In den eigenen vier Wänden ertragen die Hunde die Silvesterpanik besser, wenn Rollläden und Gardinen zugezogen sind, und eine andere Geräuschquelle als Böller und Raketen wie Radio oder Fernseher eingeschaltet sind. Leichte klassische Musik empfehle sich, Mozart etwa, von Heavy Metal und Wagner wird abgeraten. „Und den Hund auf keinen Fall alleine lassen, er braucht die Sicherheit, die ihm die Besitzer geben“, sagt Sina Hanke.
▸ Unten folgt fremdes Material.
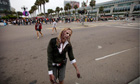 Paul, a road movie about two nerds who meet a foul-mouthed ET-lookalike alien, was greeted almost as enthusiastically; the film's writing/acting team, Simon Pegg and Nick Frost, got the sort of welcome usually reserved for local boys made good. They had earned the crowd's affection many times over from Shaun of the Dead and Hot Fuzz, but took out an extra insurance policy by setting part of Paul at Comic-Con itself. The sound of the audience whooping and cheering the mirror-image of their world on screen was half-touching, half-solipsistic. Frost pointed out that the convention centre in the film is a replica built in New Mexico. "We wanted to shoot here last year," he said, "but in the words of the San Diego fire marshal: 'No fucking way.'"

Bei sehr ängstlichen Hunden können auch Beruhigungsmittel helfen
„Den Hund nicht abends füttern, sondern mittags die letzte Mahlzeit geben, damit er nicht abends noch mal rausmuss“, sagt Bettina Bannes-Grewe. „Hunde sollten einen Rückzugsort haben“, rät Rütter. Eine faltbare Transportbox oder Decken könnten als Höhle dienen. Wenn der Hund plötzlich aufs Bett oder Sofa springt, was normalerweise nicht erlaubt ist, sollten Herrchen und Frauchen das an diesem besonderen Tag zulassen. Der Hund suche Nähe, will vielleicht kuscheln. „Allerdings sollte das Streicheln und Kraulen nicht übertrieben werden, um die Situation nicht noch außergewöhnlicher zu machen, als sie ist“, sagt Rütter.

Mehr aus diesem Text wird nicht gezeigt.